If the final bit is a “1” then the reference contains a Fixnum. If the final two bits are “10” then it’s a Float. And if the last four bits are “1100” then it’s a Symbol. But the last three of “1100” are still illegal for an allocated pointer, so it works out.
The four “special” values (true, false, undef, nil) are all represented by small numbers that will also never be returned by the memory allocator. For completeness, here they are:
Value | Hexadecimal value | Decimal value |
---|---|---|
true | 0x14 | 20 |
false | 0x00 | 0 |
undef | 0x34 | 52 |
nil | 0x08 | 8 |
So Every Integer Ends in 1, Then?
You might reasonably ask… but what about even integers?
I mean, “ends in 1” is a reasonable way to distinguish between pointers and not-pointers. But what if you want to store the number 4 at some point? Its binary representation ends in “00,” not “1.” The number 88 is even worse - like a pointer, it’s a multiple of 8!
It turns out that CRuby stores your integer in just the top 63 bits out of 64. The final “1” bit isn’t part of the integer’s value, it’s just a sign saying, “yup, this is an integer.” So if type-tagging is two values with one tagging the other, then the bottom bit is the tag and the top 63 bits are the “other” piece of data. They’re both crunched together, but… Well, this is C. If you want to crunch up “multiple” pieces of data into one chunk… C isn’t your mother, and it won’t stop you. In fact, that’s what C does with all its arrays anyway.
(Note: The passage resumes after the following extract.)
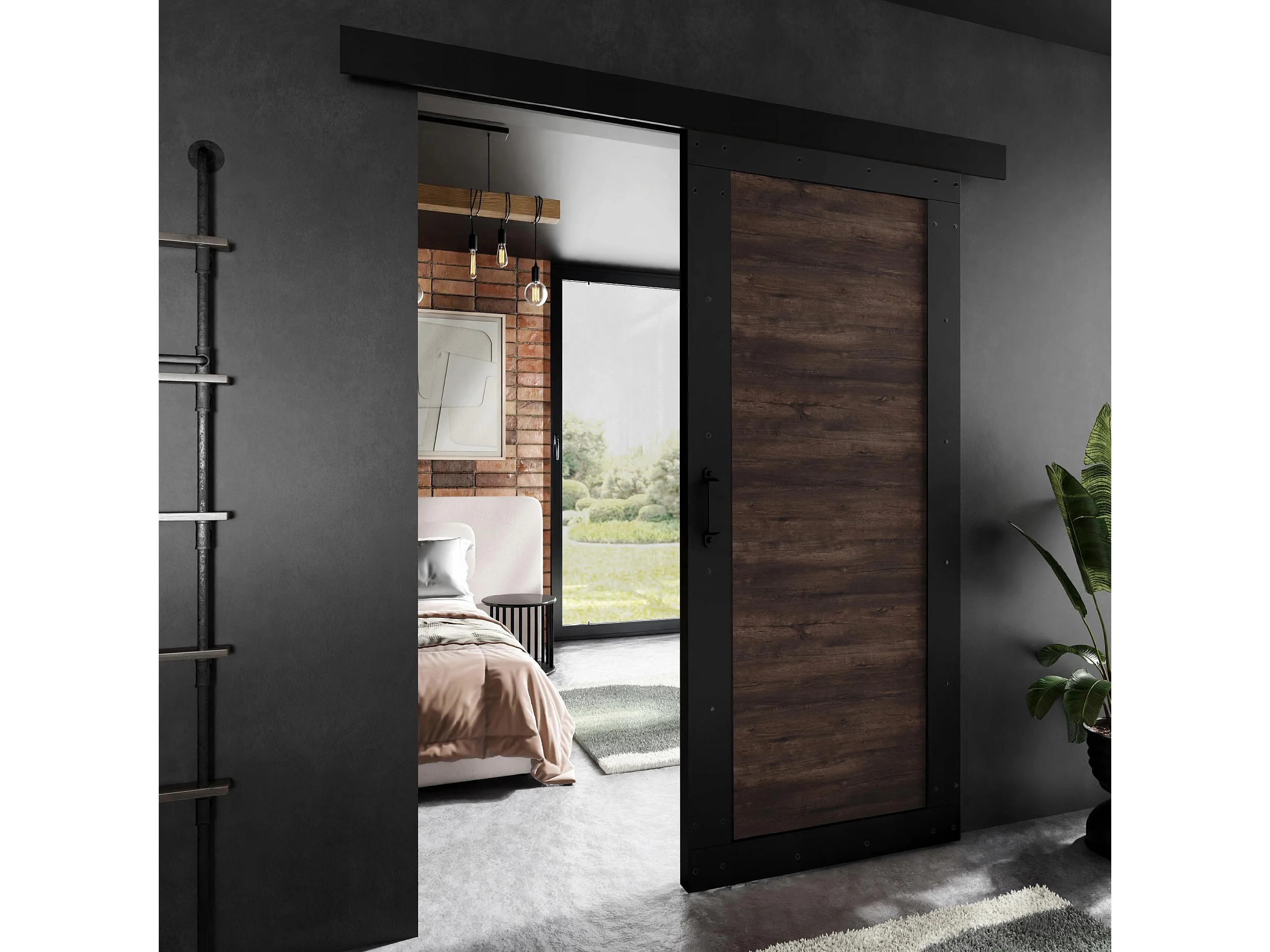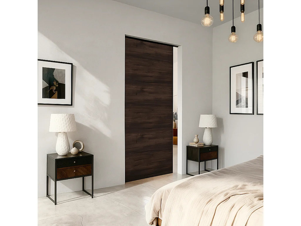 Porte coulissante ADIO 2 avec cache-rail noir et frêne foncé 60

And in this case it makes for pretty fast code, so that’s what CRuby does.
If you’re up for it, here’s the C code for immediate Fixnums - all this code makes heavy use of bitwise operations, as you’d expect.
// Check if a reference is an immediate Fixnum #define RB_FIXNUM_P(f) (((int)(SIGNED_VALUE)(f))&RUBY_FIXNUM_FLAG) // Convert a C int into a Ruby immediate Fixnum reference #define RB_INT2FIX(i) (((VALUE)(i))<<1 | RUBY_FIXNUM_FLAG) // Convert a Ruby immediate Fixnum into a C int - RSHIFT is just >> #define RB_FIX2LONG(x) ((long)RSHIFT((SIGNED_VALUE)(x),1))
So It’s All That Simple, Then?
This article can’t cover everything. If you think about symbols for a moment, you’ll realize they have to be a bit more complicated than that - what about a symbol like :thisIsAParticularlyLongName? You can’t fit that in 8 bytes! And yet it’s still an immediate value. Spoiler: Ruby keeps a table that maps the symbol names to fixed-length keys. This is another very old trick, often called String Interning.
And as for what it does to the Float representation… I’ll get into a lot more detail about that, and about what it does to Ruby’s floating-point performance, in a later post.